There is no design pattern to work around this, because this is the intended behavior.
In your definition, performTransform belongs only to SubClassA. Thus, to be able to invoke performTransform on an object, the object must be of type SubClassA (or a subtype of SubClassA.
Invoking performTransform on a SuperClass does not make sense because not every instance of SuperClass defines this method.
Downcasting from a SuperClass to a SubClassA should certainly throw an error if the instance is not a SubClassA - this should be obvious.
So, you must either change your definitions such that performTransform belongs to SuperClass (in which case, as you said, every instance of type SuperClass would need to have some implementation for the method, even an empty one) or you must make sure that you are only invoking methods on types that define them.
I'm not so sure it requires a pattern to solve but instead just a small redesign. If it makes sense for anything to call performTransform is should be in the superclass as a virtual method and overridden in the subclasses.
So the superclass defines the flow from an abstract viewpoint and the subclasses implement them appropriately. In your case, the simplest options are to either just leave performTransform empty in the superclass or implement it as an empty method in the subclass that doesn't require it (when you mix this approach with a short comment, you get a more maintainable system IMO).

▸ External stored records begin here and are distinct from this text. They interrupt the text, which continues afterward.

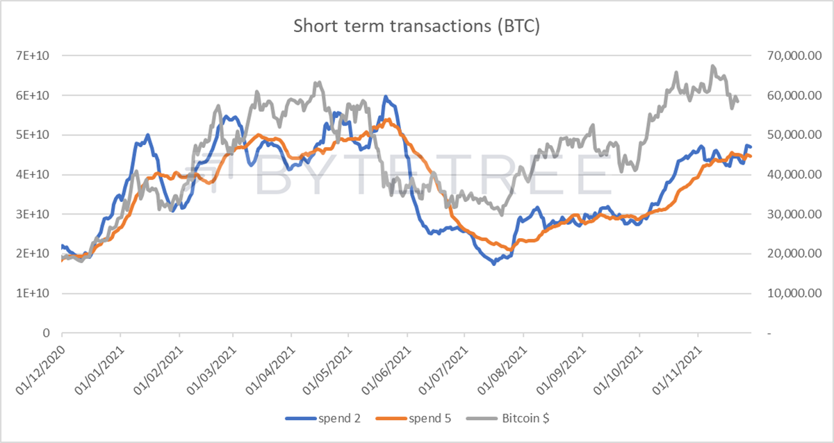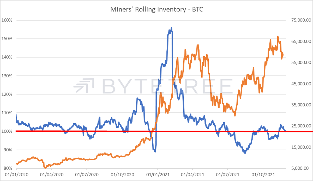 The miners continue to emit a mood of quiet confidence. They have been selling a bit more aggressively of late, which might coincide with renewed clampdowns in China and a regulatory clampdown in India. This appears to have mainly passed, as can be seen below, where the blue line has gravitated back towards the equilibrium level of around 100%.
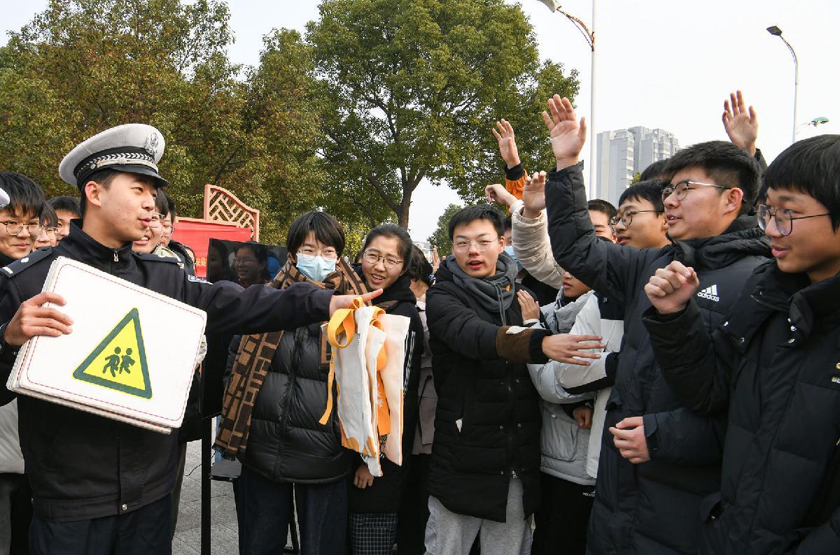 圖為民警與學(xué)生進行交通標(biāo)識競答互動。
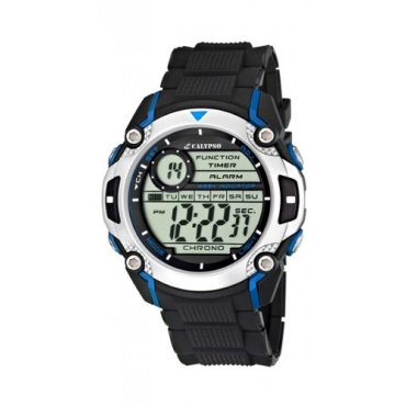 Die Calypso watches Jungen Digital Kautschuk Armbanduhr überzeugt in sportlichem Design mit zahlreichen Funktionen. In Schwarz, Blau und Silber designed lässt sie sich zu zahlreichen Outfits und Modetrends gekonnt kombinieren. Die große Herren Sportuhr mit rundem Gehäuse und Quarzuhrwerk bietet ein digitales Anzeigenformat mit Beleuchtungsoption. Die integrierten Features beinhalten eine Kalenderfunktion und eine Alarmfunktion sowie eine Stoppuhr.
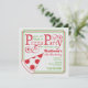 A pizza party birthday invitation featuring a pizza box inspired red and green design. Personalize with your name and information.
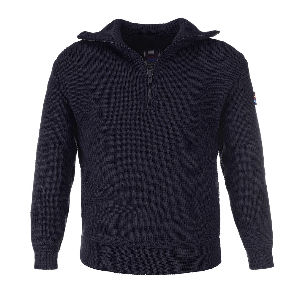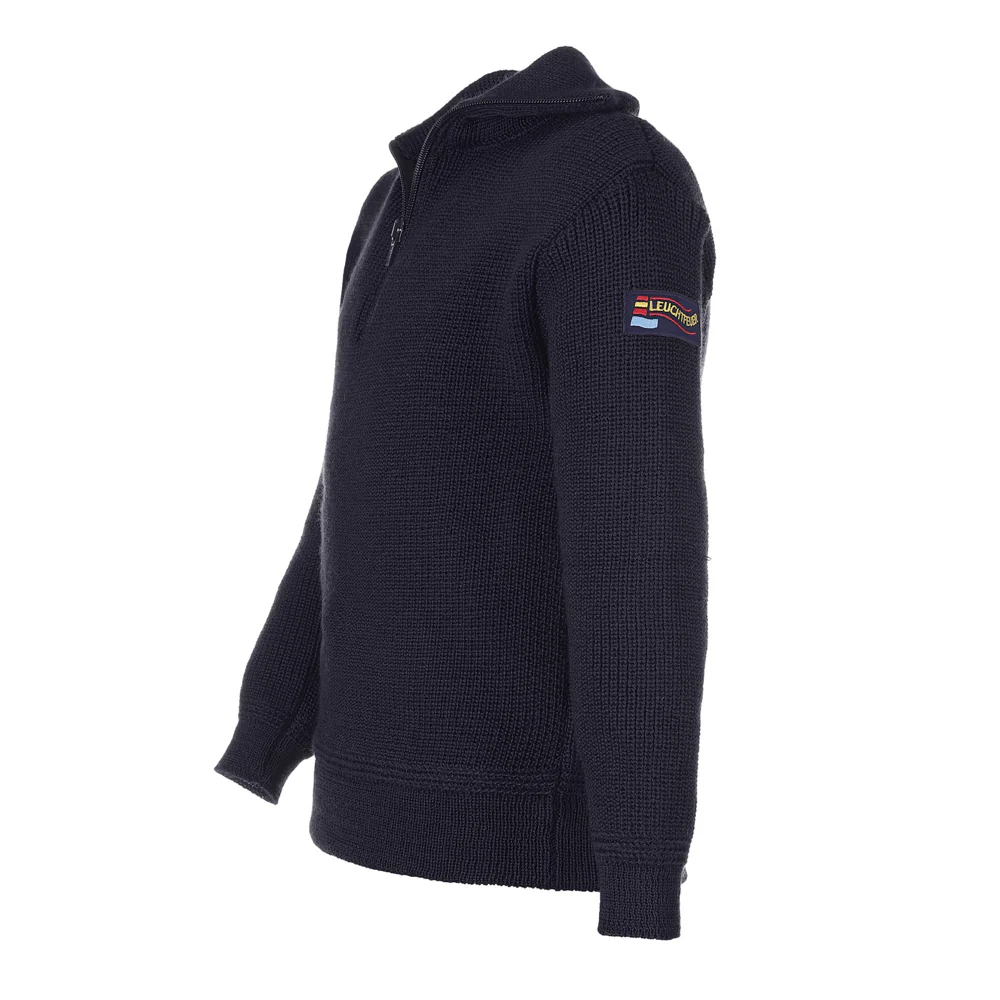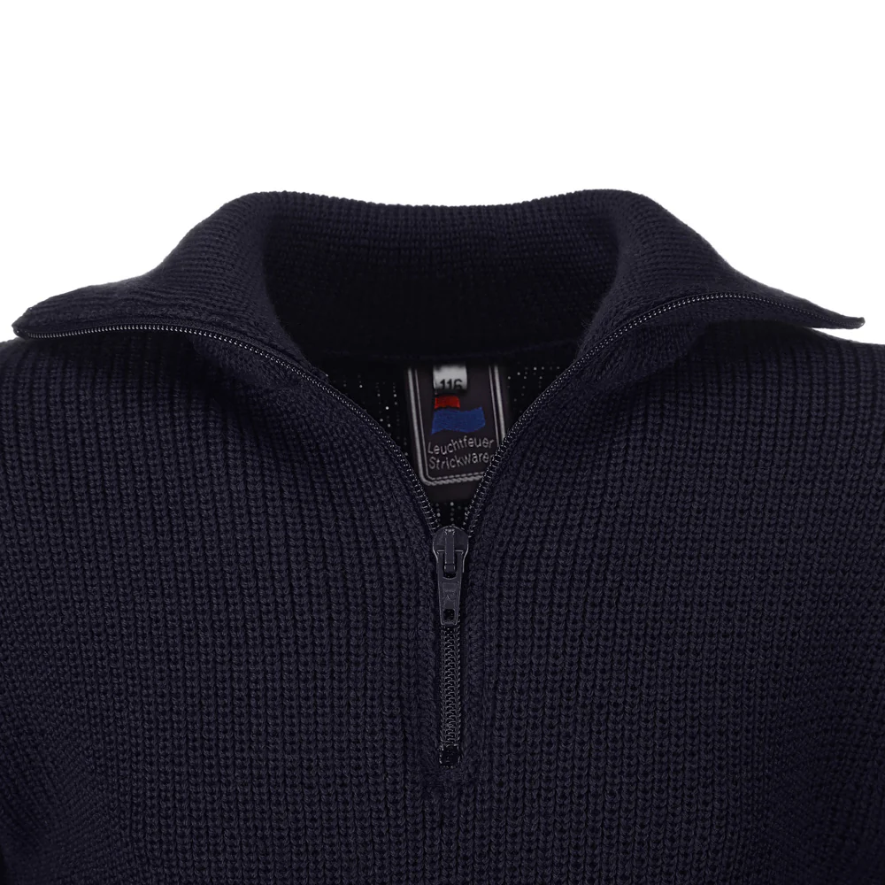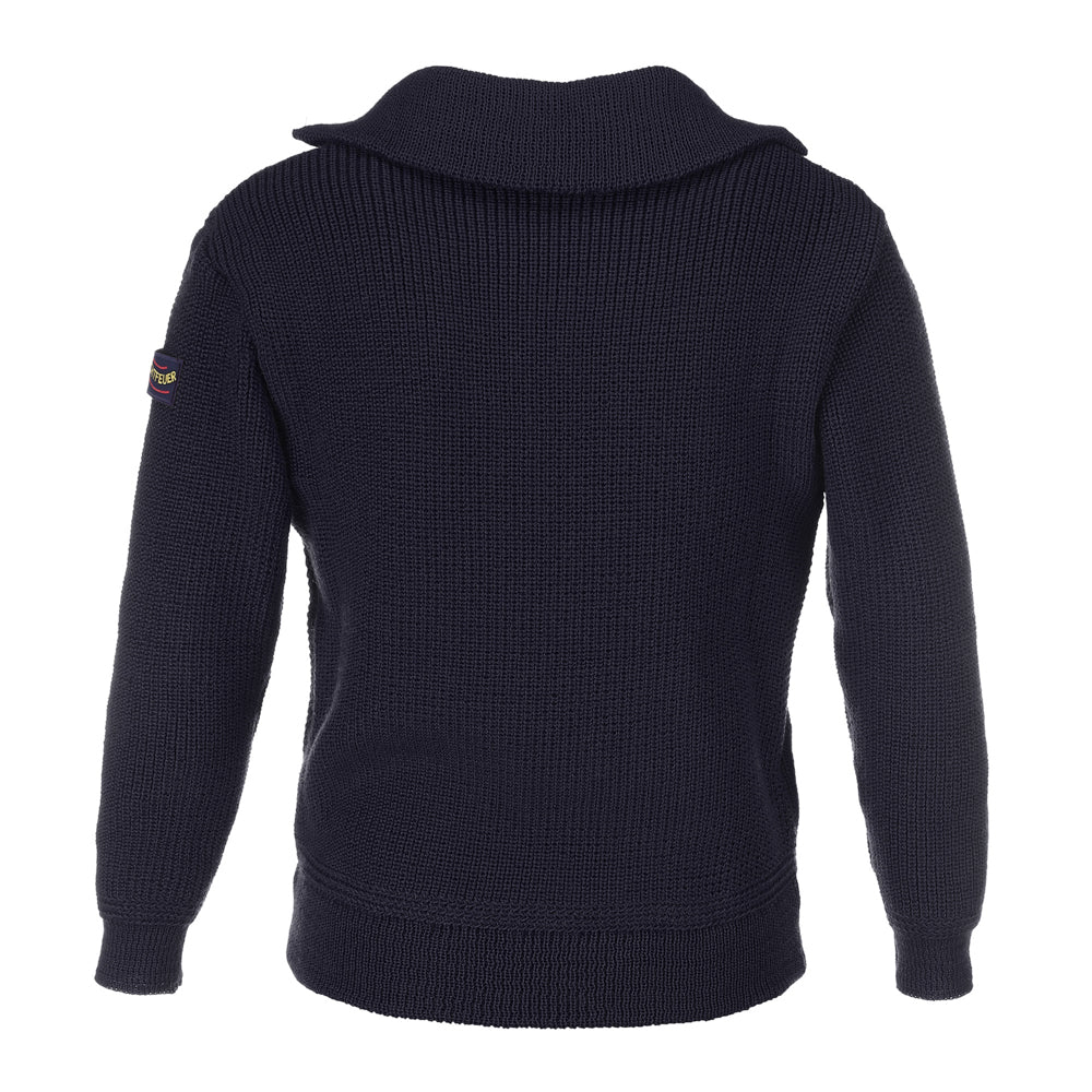 Stoere, dikke schipperstrui gemaakt van kamgaren met een ritssluiting aan de voorkant en heeft dubbele mouwmanchetten. De trui is machine wasbaar en vormvast.
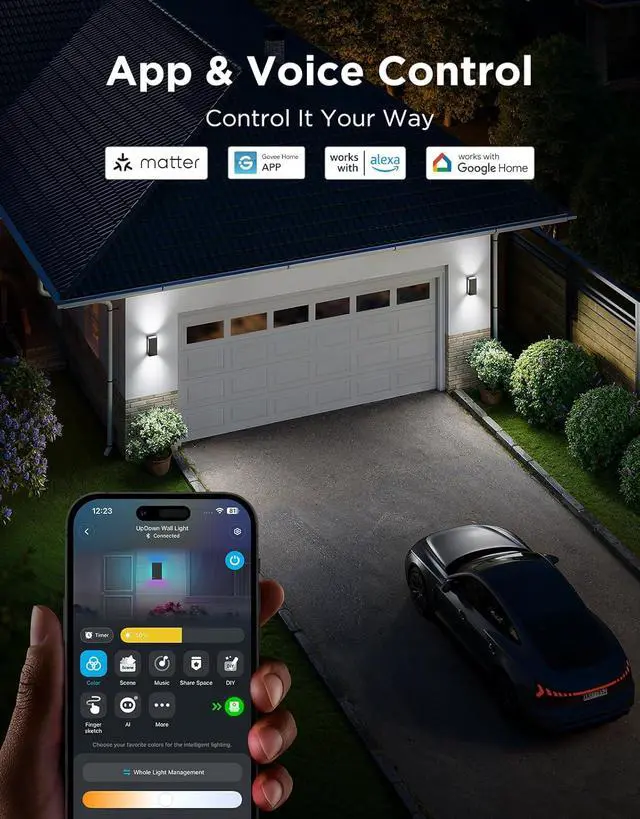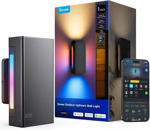 All-Around Dynamic Lighting: Govee outdoor wall lights deliver seamless lighting effects equipped with smooth color transitions. Featuring up/down RGBWW and flanking RGBIC ambient lighting, it offers 16 million color options for outdoor decor.
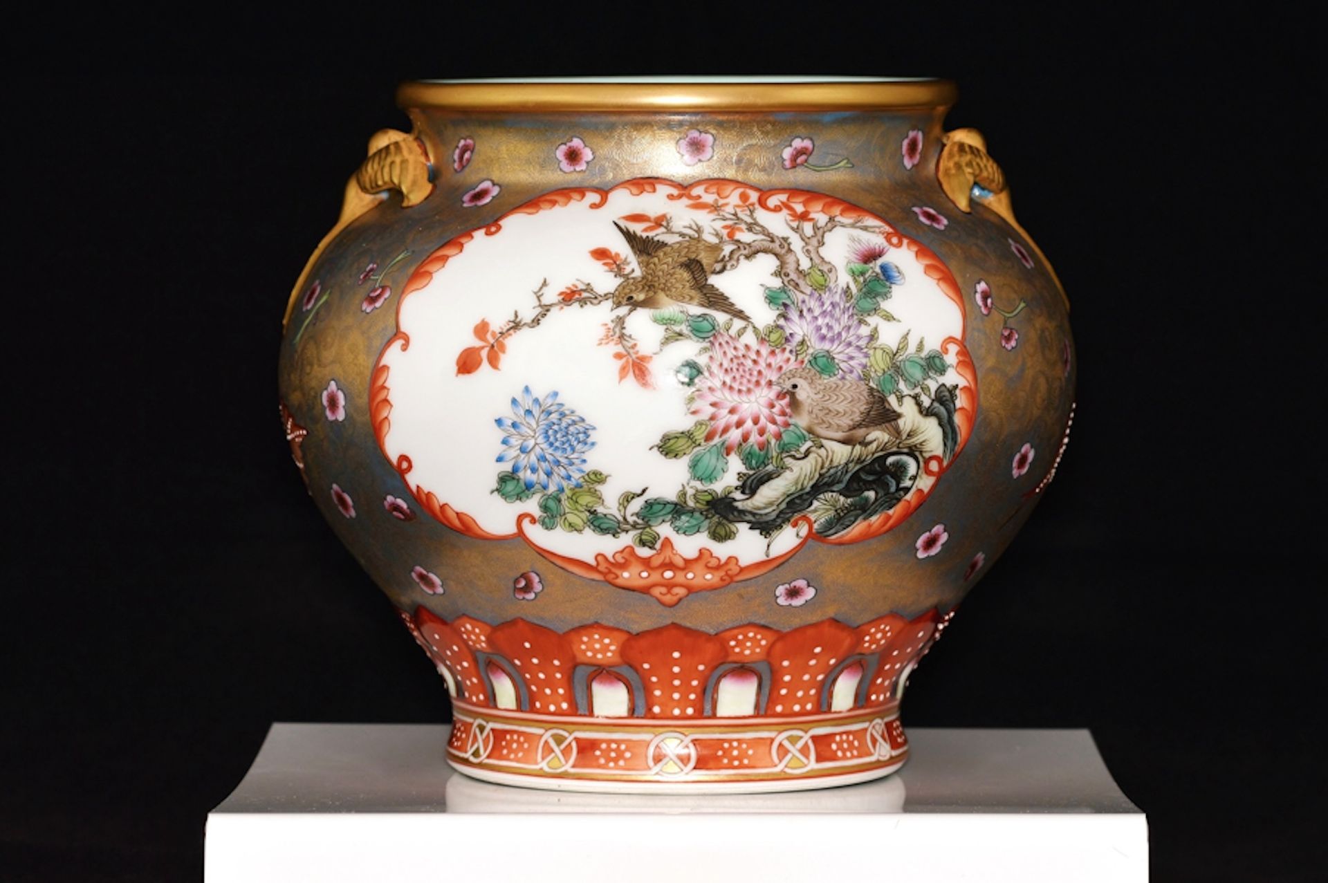 This Qianlong Famille Rose Guan-formed vessel represents the pinnacle of Chinese Famille Rose enamel porcelain artistry. It is arguably one of the finest examples ever documented and made available for acquisition. I invite you to reference your scholarly texts, explore auction catalogs, and consult major museums worldwide in search of a piece that may rival its unparalleled beauty and craftsmanship. The complexity of this vessel is remarkable, warranting an in-person examination to fully appreciate its exquisite details. The vessel features a multi-layered decorative scheme, with an elegant form defined by a striking blue ground that has been incised in a subtle wave-like pattern and subsequently adorned with gold accents. Scattered across the surface are delicate rose-colored blossoms that enhance its allure. The central panels exhibit masterful brushwork, showcasing branches embellished with blooming flowers and two magpie birds, all executed with an astonishing level of control—many strokes appearing to be applied with a single hair, a detail that becomes evident upon close inspection with a loupe. The panels are framed in iron red, while two leaves, also in iron red, bear intricately painted depictions of a cricket and a grasshopper. Two gold phoenix handles elevate the vessel's design, complemented by meticulously applied droplets of white enamel that accentuate the iron red throughout the piece. The interior and base are finished in a stunning turquoise hue. The color palette adheres to the esteemed Qianlong Famille Rose tradition, and the underside bears the Qianlong mark—positioned in alignment with the main panels, a characteristic typical of Imperial Qianlong pieces. Standing at 7 5/8 inches tall, this vessel epitomizes the high standards set for true masterpieces of Chinese porcelain. For any inquiries regarding this exceptional vessel, please do not hesitate to reach out.

The closest pattern I can think of for this is the Null Object pattern where this performTransform method is just a dummy function to preserve compatibility but perform no actual task.
Just because you say your bicycle is a car doesn't mean there's a place to put gas in it. The whole point of polymorphism is to let you think of things as the super class - these are all bank accounts, these are all shapes, to use the classic examples - and not get caught up in what they really are. Sometimes the subclasses add capability. In many cases that capability is used in the specific implementations in each subclass. So to use your names, some method Adjust() that is in the signature of SuperClass is implemented (differently) in SubClassA and SubClassB. The SubClassA version calls its own performTransform as part of the process and we all live happily ever after. The minute some code needs to decide whether to call performTransform or not, you're not just thinking of it as a SuperClass any more. That's not necessarily something that needs to be solved, it's just what is.
It Would be better to have the call to performTransform() in a method that only takes type SubClassB as a parameter - at least you wouldn't have to do type checking then.
On saying that, if your having this problem at all it may suggest that inheritance may not be the best solution - composition may be a better way to approach the problem.